Страница 38 из 69
— Ваш блаародь! Глянь, что деется у погреба то! — тревожно закричал фейерверкер Козлов, указывая рукой в сторону порохового погреба.
Гаевский, сидевший на зарядном ящике, снятом с колёс, медленно поднялся и через завал, сложенный из фашин, посмотрел в сторону, указанную Козловым. Толпа черкесов собралась около тяжёлой, окованной железом двери погреба и с нетерпеливыми криками старалась выломать её. С десяток горцев, залезши на крышу, хотели разобрать её, гулко ударяя по железу какими-то инструментами.
— Надо дать туда огоньку... — усталым голосом тихо сказал Гаевский и сел снова.
— Разворачивай орудие! — сразу же приказал фейерверкер Козлов, который ожидал этого распоряжения.
Тенгинцы и пластуны, не привыкшие к обращению с пушками, не знали, как это делается, и в нерешительности топтались на месте. Гаевский, тяжело поднявшись, сам помог трём оставшимся в живых артиллеристам развернуть орудие, и фейерверкер Козлов поджёг фитиль.
Картечь, коротко и пронзительно взвизгнув, хлестнула по стенам и крыше погреба, стальным горохом зазвенела об окованную дверь. С крыши, кувыркаясь как кули, скатилось несколько убитых горцев; трое или четверо из тех, которые теснились у двери, тоже упали. Остальные, испуганно и яростно крича, скрылись за гауптвахтой.

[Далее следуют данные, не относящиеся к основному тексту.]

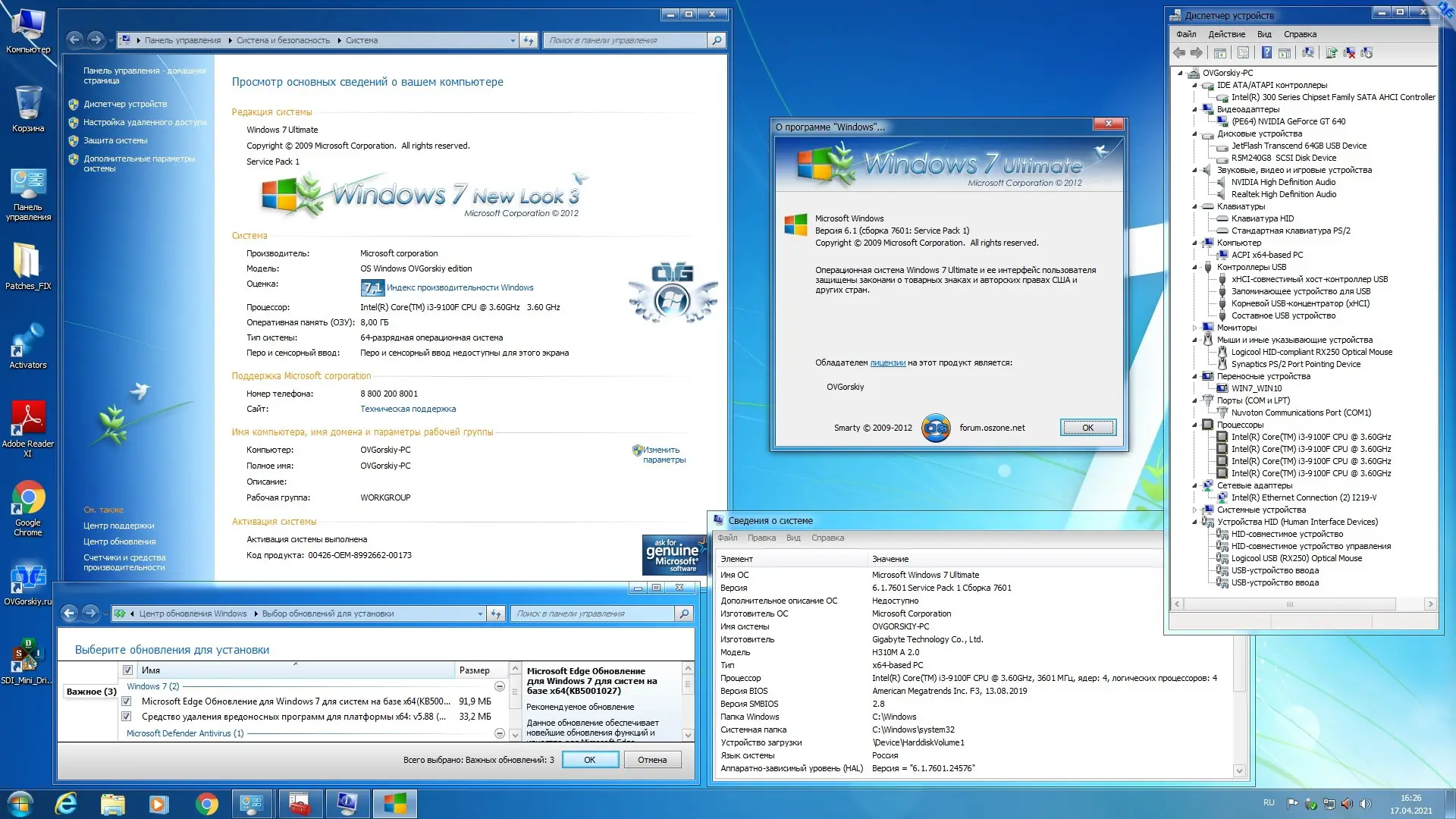 - Предустановлены Google Chrome 90, WinRAR 6.00, .NET Framework 4.8.2, Java 8u281, Adobe Reader XI

Гаевский снова опустился на зарядный ящик. Садясь, он случайно скользнул взглядом по бесполезной теперь орудийной амбразуре, расположенной в десяти — двенадцати саженях сзади и выше. Ровно неделю назад он стоял там и разговаривал с жалким, но тогда ещё живым Самовичем. Где теперь Самович? Где Краумзгольд? Где Корецкий? Где Безносов? Где Ермолов, оставивший ему, Гаевскому, эту пушку и своих солдат? Где сам Лико?.. Зажмурившись и несколько раз мелко, словно стараясь избавиться от боли, тряхнув головой, Гаевский отпил глоток воды из стоявшего прямо на земле котелка и сказал:
— Нужно, братец Козлов, зарядить пушку ядром, выбить дверь и взорвать порох...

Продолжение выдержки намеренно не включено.